What we experience in Sri Lanka is a crisis created by the abandonment of limits of burrowing and obtaining loans haphazardly and in arbitrary manner regardless of consequences, particularly during the post-1978 period. Borrowing more and more to solve the crisis created by persistent borrowing has gradually escalated the crisis reaching the point where it is no longer possible to borrow any more today.
This process has to be handled under legal control. The proposed new legal framework should be based on a system which is open, accountable, and capable of monitoring those processes; and it should include adequate provisions to prevent prejudicial actions revealed by the monitoring process and restrictions imposed not allowing anyone to work outside those provisions.

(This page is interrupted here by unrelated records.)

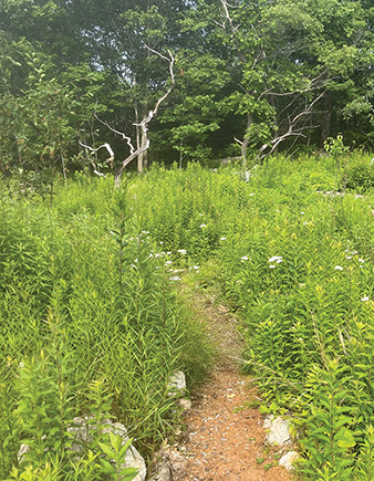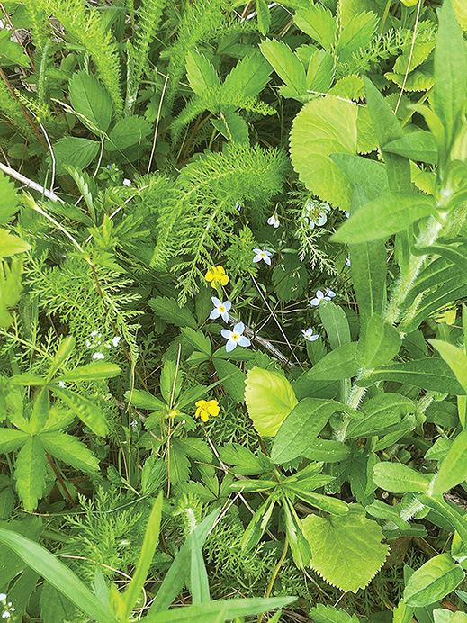 Barely two years on this improvised landscape is a profusion of flowers, foliar textures, and the attendant buzz of insects that can be seen, heard, and felt. Staghorn sumac (Rhus typhina) immediately filled the void left by the invasive shrubs and lianas, and seed-lings of black cherry and red oak are emergent everywhere amidst the herbaceous material.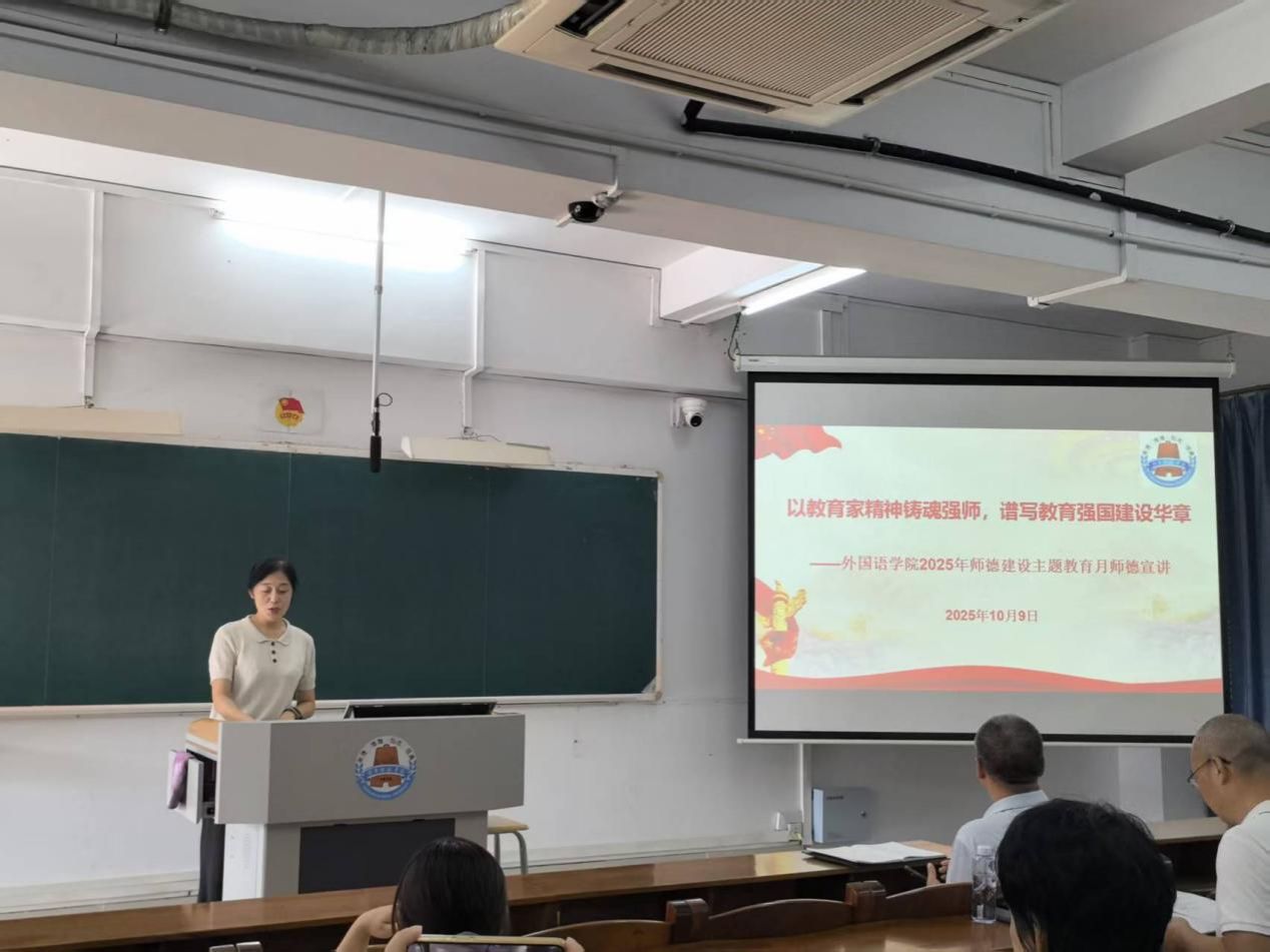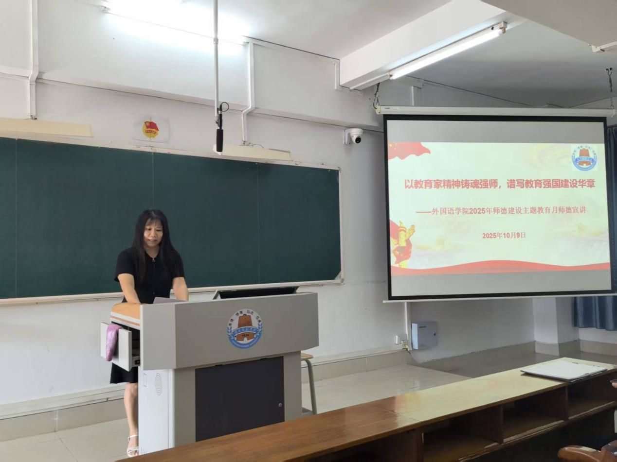 为进一步强化师德师风建设,凝聚立德树人的教育共识,10月10日,外国语学院在第三教学楼405教室举办师德建设主题教育月师德宣讲大会。本次大会由外国语学院党委书记陈永国主持,学院全体教职工参会。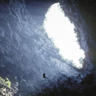 Para el rappel de 200 metros de profundidad en esta cueva vertical, se requiere de muy buena condición física y experiencia comprobable.

This is done through the rule of law. It could only be achieved if there is an effective legal framework and law enforcement system that can help maintain the rule of law in the country. The basic structure of this order will be created by the Constitution, the supreme law of a country. All the other laws are made based on the Constitution. Thus, the disregard of laws which have been enacted in conformity with the provisions of the Constitution will necessarily amount to violating the Constitution itself. It will become a crime committed against the entire nation. The financial stability of the country could be achieved only by preventing the rulers from violating the laws of the country.
However, it was absolutely an opposite process that had prevailed in Sri Lanka since the 1960s. In other words, the Constitution has been made an invalidated document by breaking the rule of law, and in that context the rulers had gained ability to act in defiance of all relevant laws, thus being able to act at their own will and pursue an extremely destructive borrowing policy.
This has been done by undermining the Constitution, the supreme law of the land. The appointment of an Executive President above the Constitution meant the reign of arbitrariness over the law. This is not just a question of individuals, but a complete abandonment of the concept of the rule of law. Although the term ‘rule of law’ is included in the Constitution and other laws in word, the ‘obstinate person’, by subtly undermining the Constitutional Law, has been able to exacerbate his obstinacy over and above all the laws. This situation is the main source of the current financial crisis and the resulting dollar crisis facing the country.
Therefore, the people who have received an opportunity to formulate a new constitution in good faith should seriously intervene to strictly control the borrowing process by making the new constitution a meaningful document giving priority for the rule of law and subjecting the ruler, the head of state to the rule of law.
One major doubt about the borrowing process in Sri Lanka is that most of the money borrowed through many loans have been syphoned off for corruption and also to produce wealthy tycoons who have reaped the benefit of a good share of loans obtained for their personal advantage. Consequently, the entire parliamentary system and the country are in a state of degeneration. The politicians as a breed have lost their recognition and integrity. The milieu in which the politicians were considered a virtuous lot has largely disappeared from the country. The whole system is overwhelmed by an air of extreme dissatisfaction.